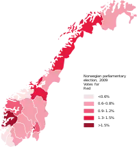 On election day, an opinion poll conducted by Dagens Næringsliv predicted 1.9% of the vote for Red.[67] It actually obtained 1.3% (36,219 votes), making it the largest party outside Parliament.[68] 12,000 of those votes came from Oslo. In the municipality of Hordaland, Red garnered 2.5% of the vote, a decrease of 0.9% from the 2005 election. Red increased its voter share in Troms, in Nordland and in Telemark. Dahle acknowledged to the media that neither he nor his party were pleased by the results. He remained optimistic, however, calling the results a "good starting point".[69]
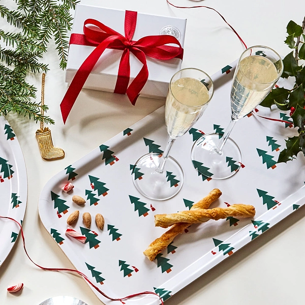 用我们时尚的圣诞森林服务托盘迎接节日。
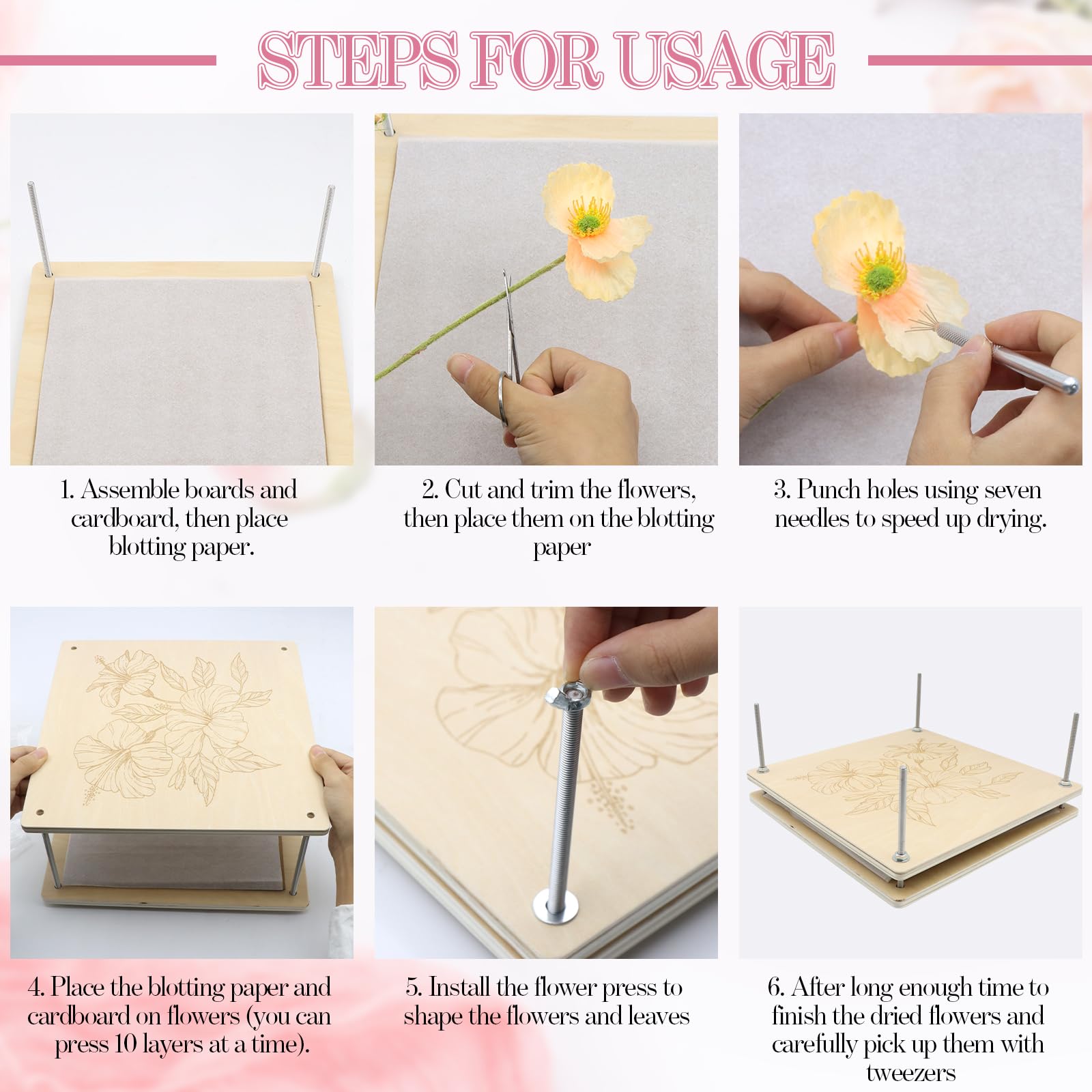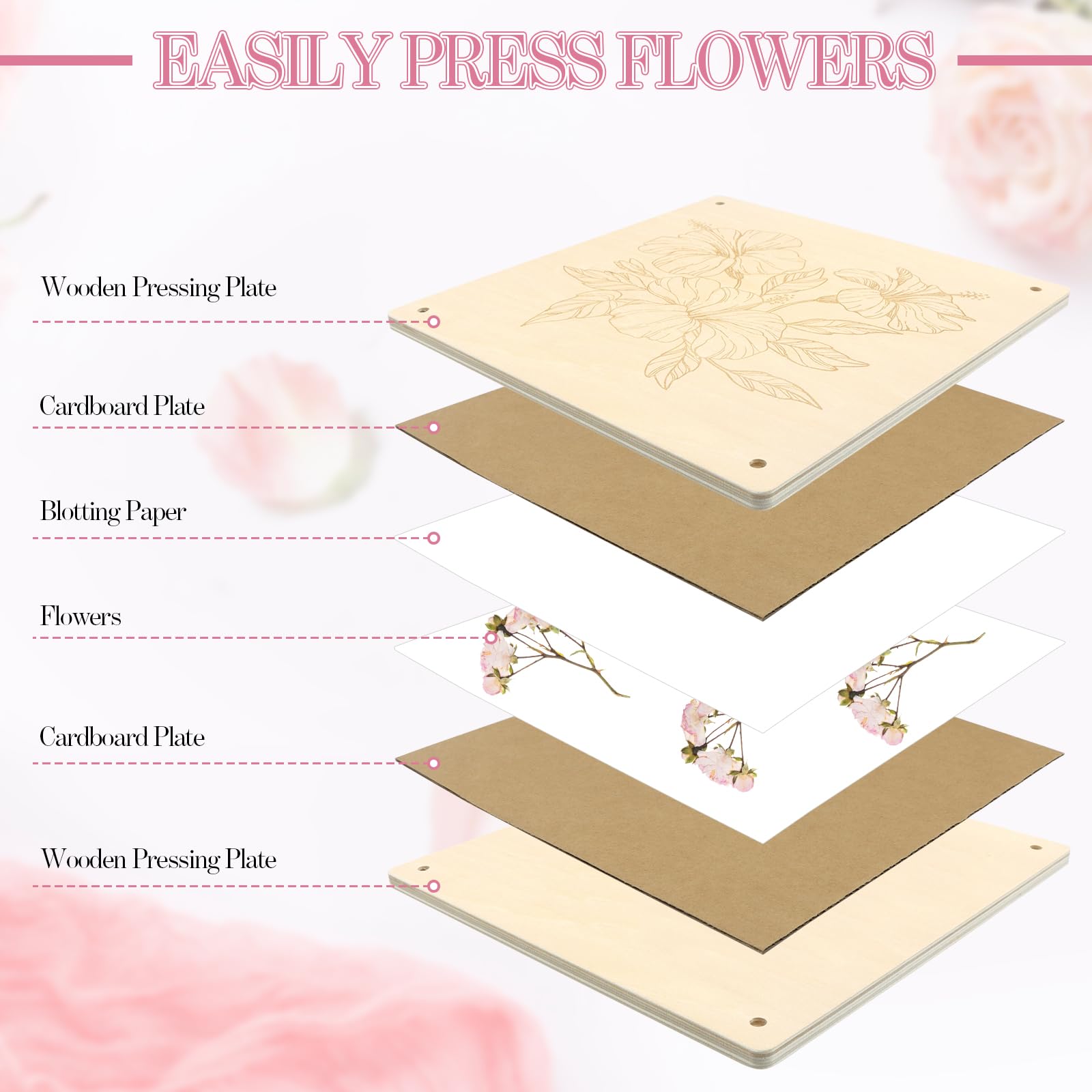 - [Sturdy and Convenient]: The wooden plates are made of high-strength wood, heavey-duty and not easy to deform, and can release even and long-lasting pressure to flowers and plants. The fine and even blotting papers have super absorbent ability and breathability, which allows water vapour to be quickly dispersed and avoids mould and mildew.
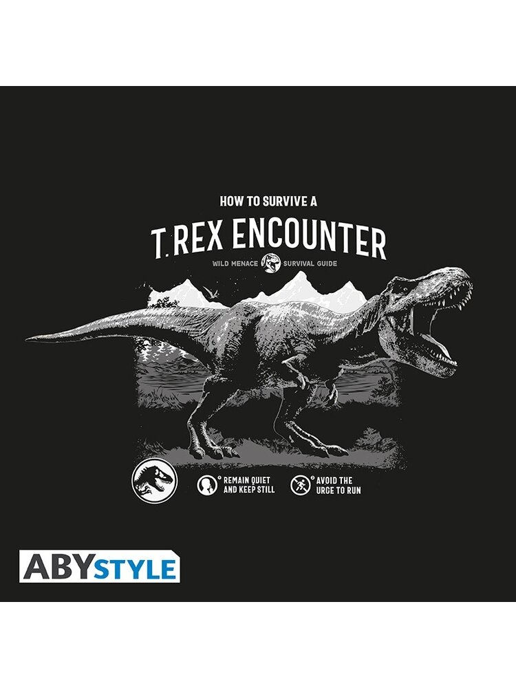 How to survive an encounter with a T-Rex? Increase your chances of survival and learn the safety rules with this beautiful t-shirt Jurassic World by ABYstyle!
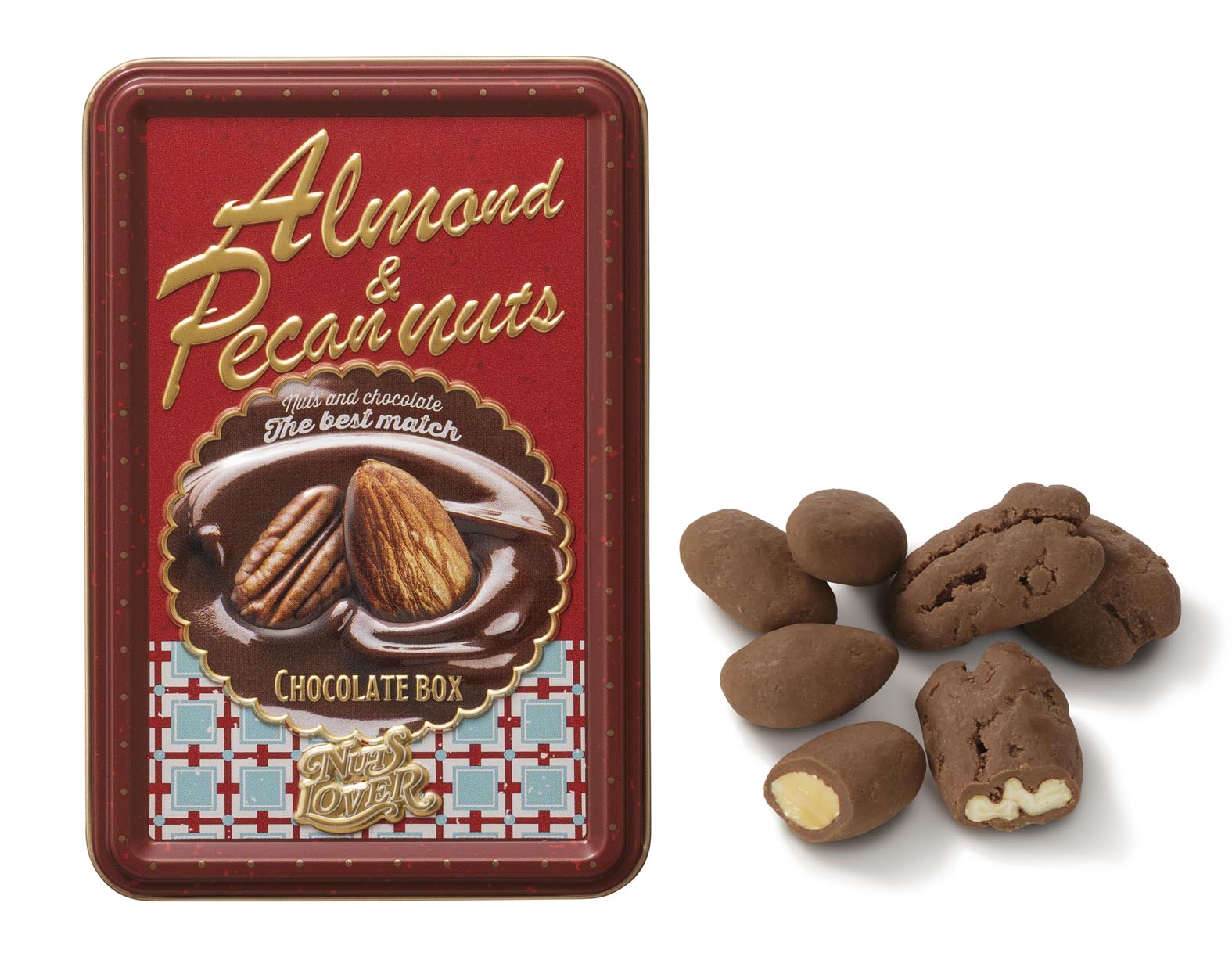 ほんのりとした甘みとコクが後を引くペカンナッツとカリッとしたアーモンドに、まろやかなミルクチョコレートをたっぷりとかけました。味わいの違う2種類のナッツとチョコレートのハーモニーをお楽しみください。手元に置いておきたくなるようなかわいい缶もポイントです。
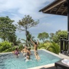 На уединенном склоне холма, вдали от пляжа, двуспальная кровать king-size, одна раскладная кровать или одна детская кроватка, ванная комната, панорамным вид на Сиамский залив, небольшой персональный бассейн, собственная терраса;
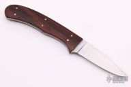 This Working Hunter by Corbet Sigman features a satin finished blade, .120" blade stock and .765" blade depth, full tang construction. The handle has cocobolo scales with brass pins. Has some scratches and minor oxidation, otherwise good condition.
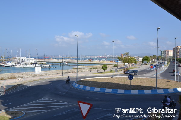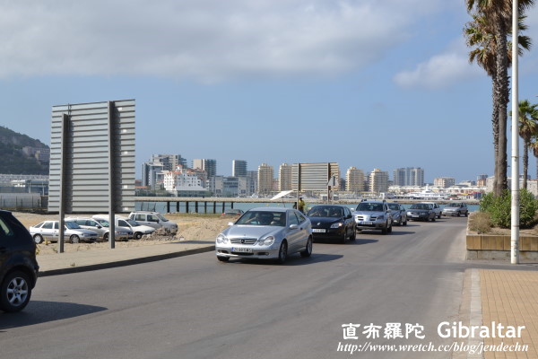 對伊比利半島上這個唯一的英國屬地感到好奇,來到了這附近,當然得去繞一繞。聽說要進入直布羅陀的遊客很多,在兩國邊界檢查哨常常24小時都塞車,為了方便過關,特地訂了位於邊界旁的飯店。怕邊界檢查哨大排長龍,原本計畫先入住飯店,第二天一早再開進直布羅陀避開人潮,但當天傍晚到邊界附近時,看到沒有幾輛車,臨時改變計畫,先去直布羅陀再回來飯店。台灣現在進入英國和歐盟都不需簽證,經過檢查哨時,看了護照後就直接通關,也沒有問話。早期到直布羅陀比較囉唆,要事先辦理英國簽證,西班牙簽證還得是多次簽證,否則就麻煩。飯店旁的中國餐廳員工就說,中國大陸目前還沒有免簽證,有人忘了辦理多次簽證,進入直布羅陀後就再也回不了西班牙!
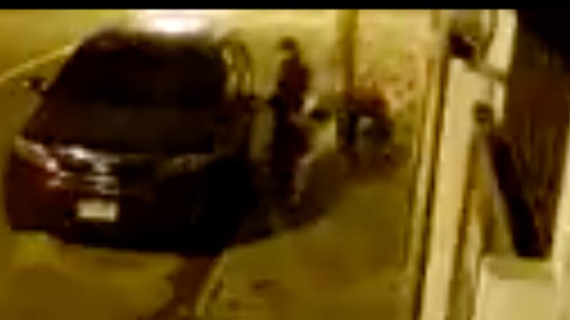 Al inicio de la grabación se observa cómo los dos hombres se quedan parados al lado de la camioneta. Uno de ellos verifica en la rendija del portón para que los propietarios del automotor no se percaten del robo.
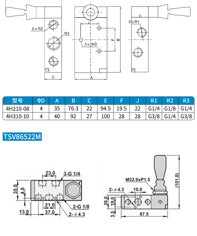 艾逊订货号:M1012858 原始型号:五叶家族气动开关手动阀4h210-08二位五通手扳换向气缸阀门控制4h310-10 TSV 86522M 品牌:五叶家族 品牌所属地:中国
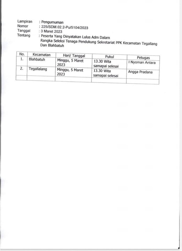 PENGUMUMAN PESERTA LULUS SELEKSI ADMINISTRASI SELEKSI TENAGA PENDUKUNG PPK KECAMATAN TEGALALANG DAN BLAHBATUH
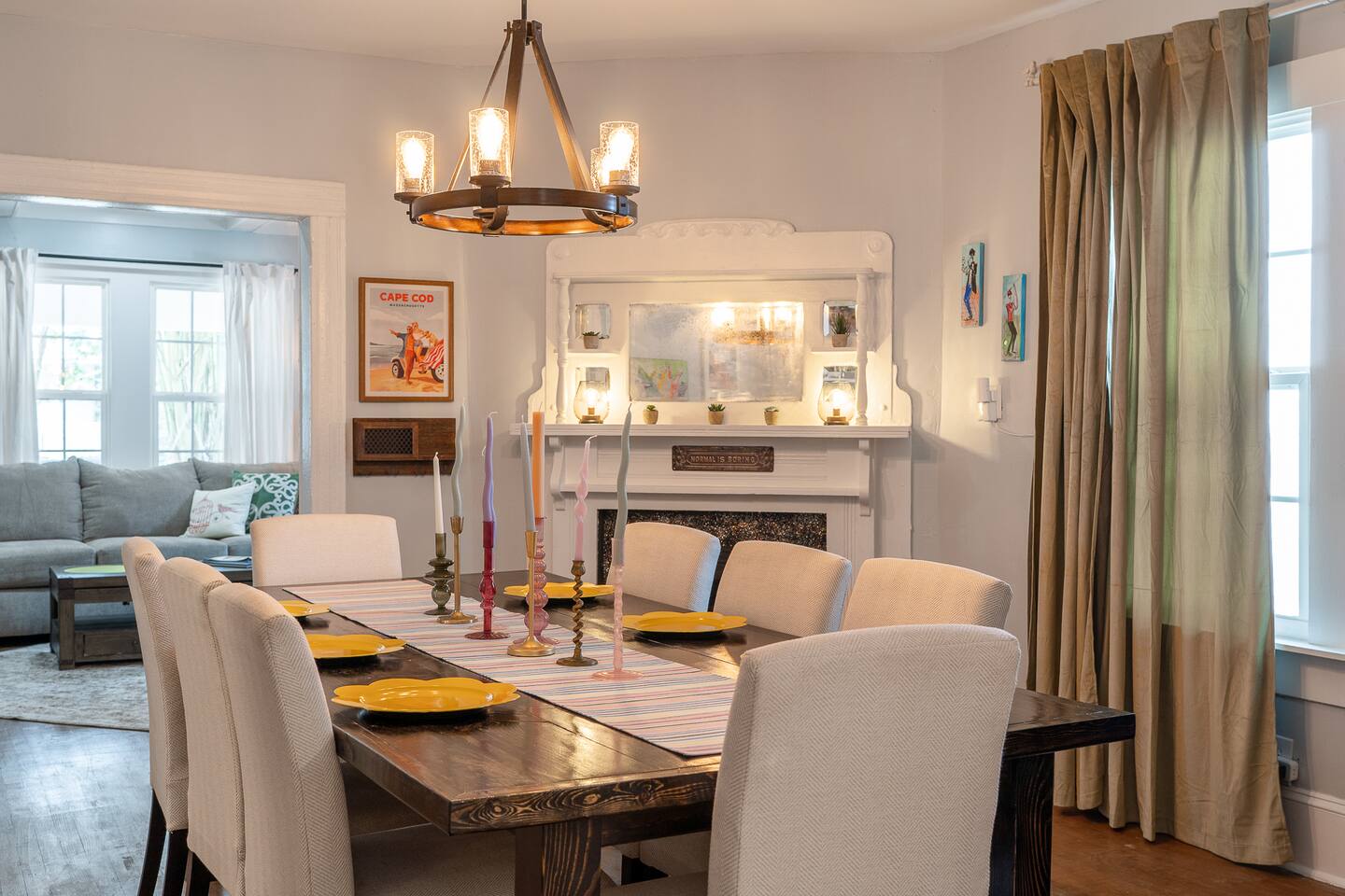 Welcome to The Whistling Porch—your Masters-week home base just 9 min from Augusta National and 6 min from downtown. This bright, spacious 4 BR retreat is perfect for golf trips and group hangs, with a bar, coffee, numerous TVs, fire pit, games, and plenty of room to relax. Grill out back, hang out in the chandelier-lit dining room, or kick back on the porch. Games, fire pit, fully equipped kitchen, laundry, eclectic decor, fast Wi-Fi, and new A/C keep it cool from tee-off to nightcap.
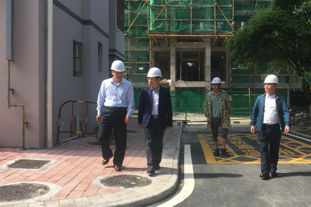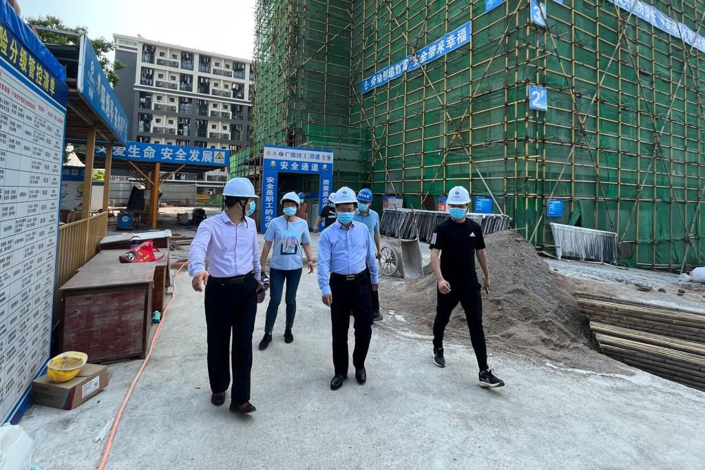 邓国彬一行先后来到雁山校区32栋研究生宿舍楼施工现场和屏风校区、东城老旧小区改造项目现场,重点了解了工程进度、工程质量安全、工地疫情防控及工地安全隐患排查整改等工作,就老旧小区改造后期工作安排、教职工既有住宅加装电梯供电等问题以及施工现场的安全隐患排查整改进行了现场检查。

■ Problem to work on
Leave out every picture, and copy exactly the lines above starting at the one holding "PENGUMUMAN PESERTA LULUS" and ending at the one holding "Welcome to The", no more and no less.

■ Task answer
 PENGUMUMAN PESERTA LULUS SELEKSI ADMINISTRASI SELEKSI TENAGA PENDUKUNG PPK KECAMATAN TEGALALANG DAN BLAHBATUH
 Welcome to The Whistling Porch—your Masters-week home base just 9 min from Augusta National and 6 min from downtown. This bright, spacious 4 BR retreat is perfect for golf trips and group hangs, with a bar, coffee, numerous TVs, fire pit, games, and plenty of room to relax. Grill out back, hang out in the chandelier-lit dining room, or kick back on the porch. Games, fire pit, fully equipped kitchen, laundry, eclectic decor, fast Wi-Fi, and new A/C keep it cool from tee-off to nightcap.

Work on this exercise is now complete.